The dimension 3 case is looking very good. I was looking in Dickson's History, volume II, page 271, where he mentions briefly that H. Schubert suggested this in 1902: we consider $4x^2 + 4y^2 + z^2 = n^2 $ with $z,n$ odd and $\gcd(n,z) = 1.$ This is not every case but it is a good start. It follows that with $$ u = \frac{1}{2}(n-z), \; \; v = \frac{1}{2}(n+z), $$ we also get $\gcd(n,z) = 1.$ Then, from $$ uv = x^2 + y^2, $$ we know that the two factors are separately sums of two squares, that is $$ v = a^2 + b^2, \; \; u = c^2 + d^2 $$ for some $a,b,c,d.$ But this immediately gives $$ n = a^2 + b^2 + c^2 + d^2, \; \; z = a^2 + b^2 - c^2 - d^2. $$ That is most of the battle.

FOUND IT. For dimension 3, this is Theorem 3 on page 176 of Jones and Pall (1939) which is on that website, taking $\lambda = 1.$ So dimension 3 is affirmative.
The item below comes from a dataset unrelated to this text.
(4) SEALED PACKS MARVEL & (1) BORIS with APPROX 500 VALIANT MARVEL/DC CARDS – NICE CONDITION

Dimension 4 is also affirmative, because you may begin with any quaternion $t$ and make the evident matrix out of $t,it,jt,kt.$

However, I do not see why that says anything about dimension 6. Given a row of six integers, certainly a rearrangement of pairs, with one extra minus sign for each pair, gives an orthogonal row. I don't see what to do after that. It is always possible that the octonions give some method for dimensions 5,6,7,8, but I would not be too sure about dimension 9 and above.

Solution 3:

This answer is wrong. And let it remain there as a reminder for me.

Some thoughts: For any integer $N \times 1$ vector , you can find another $N-1$ orthogonal set of vectors in the rational field. This is always true. Since it is in the rational field, you can multiply by a large integer, and make them all have integer entries.
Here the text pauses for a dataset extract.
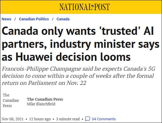 加拿大即將就5G供應商作出選擇,加官員“強烈暗示將禁用華為”在有關華為的問題上,“五眼聯盟”成員國中唯有加拿大遲遲未正式表態如何對待華為。如今,在這一決定結果即將揭曉前,加拿大政府官員已在“瘋狂暗示”。 據加拿大通訊社(The Canadian Press)當地時間11月8日報道,加拿大創新、科學及工業部長商鵬飛(Francois-Philippe Champagne)當天在德國接受採訪時表示,在未來的人工智能項目中,加拿大只想與“可信任的合作夥伴”(trusted partners)打交道。 商鵬飛還表示,他預計加拿大有關5G網絡的決定,將會在11月22日新一屆國會復會和開議後的幾周內正式作出。 加通社指出,商鵬飛面對媒體所說的這番言論,事實上是發出了一個強烈的信號,即加拿大即將拒絕中國通訊科技巨頭華為作為其國內5G網絡的供應商。
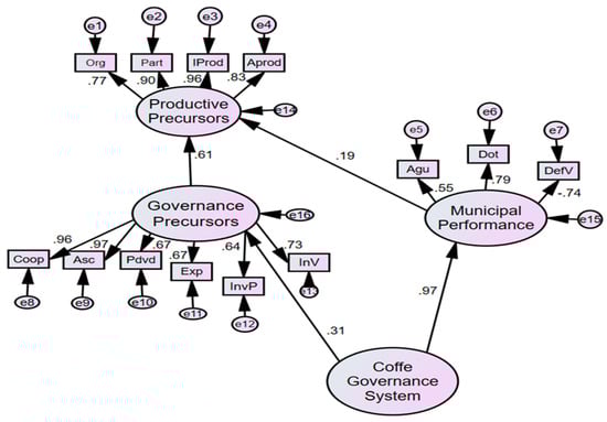 At this point, it is worth remembering a great virtue of the SEM/AMOS analysis in terms of revealing, by means of the variance error, the measure of the underlying variables (ovals). These variables, according to statistical theory, would be endogenous if in the model they appear depending on other variables, such as the case of PE, MP, and GAs. The variable coffee governance system (lower oval) would be exogenous since the effect of endogenous variables is directed towards it [45], thus explaining how this endogenous model contributes to determining this governance system associated with the coffee territory. The values that appear between the endogenous and exogenous variables represent the error of the variance. It should be interpreted similarly to the respective coefficient calculated in a correlation, being a measure of how much they influence each other. This value also has a scale from 0 to 1.

Now we have seen that for every integer vector, you can find a integer orthogonal basis. But we have neglected the length part.
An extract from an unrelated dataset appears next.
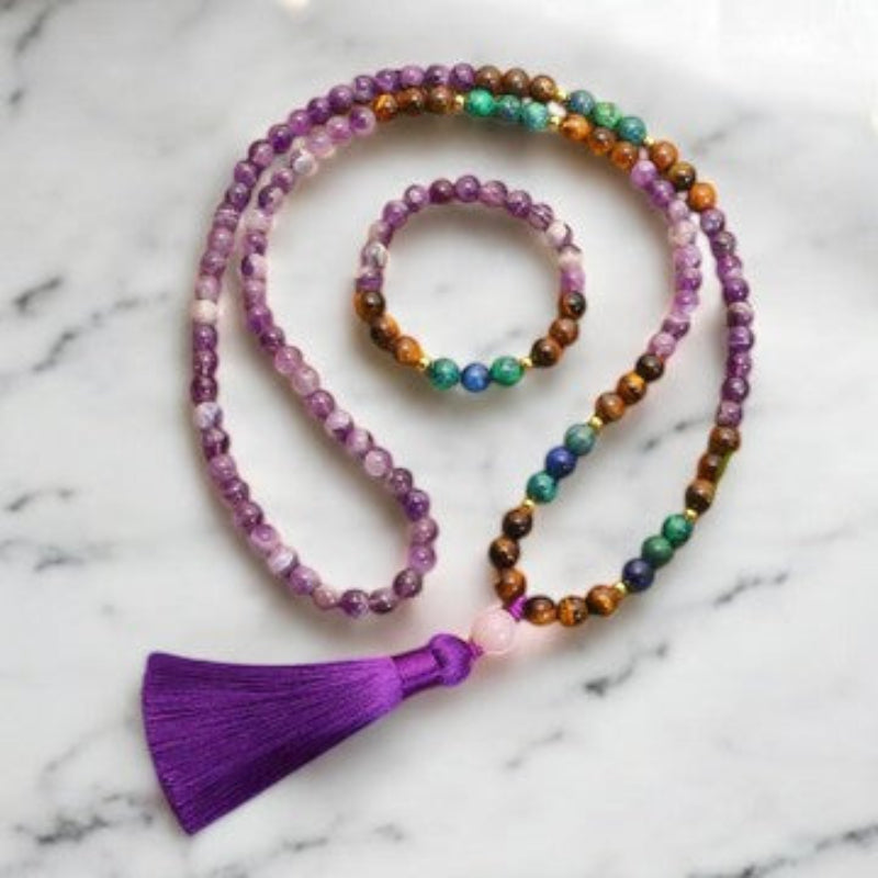 Enlightened Stones Tibetan Amethyst Purification Bracelet Mala Ensemble

Let us say you have two integer vectors $\vec{x}$ and $\vec{y}$. Then there always exist a positive number $c_1$ and another positive number $c_2$ such that $c_1||\vec{x}||=c_2||\vec{y}||$. I think this should be true for any number of integer vectors. If that is true, then you can past the length part also.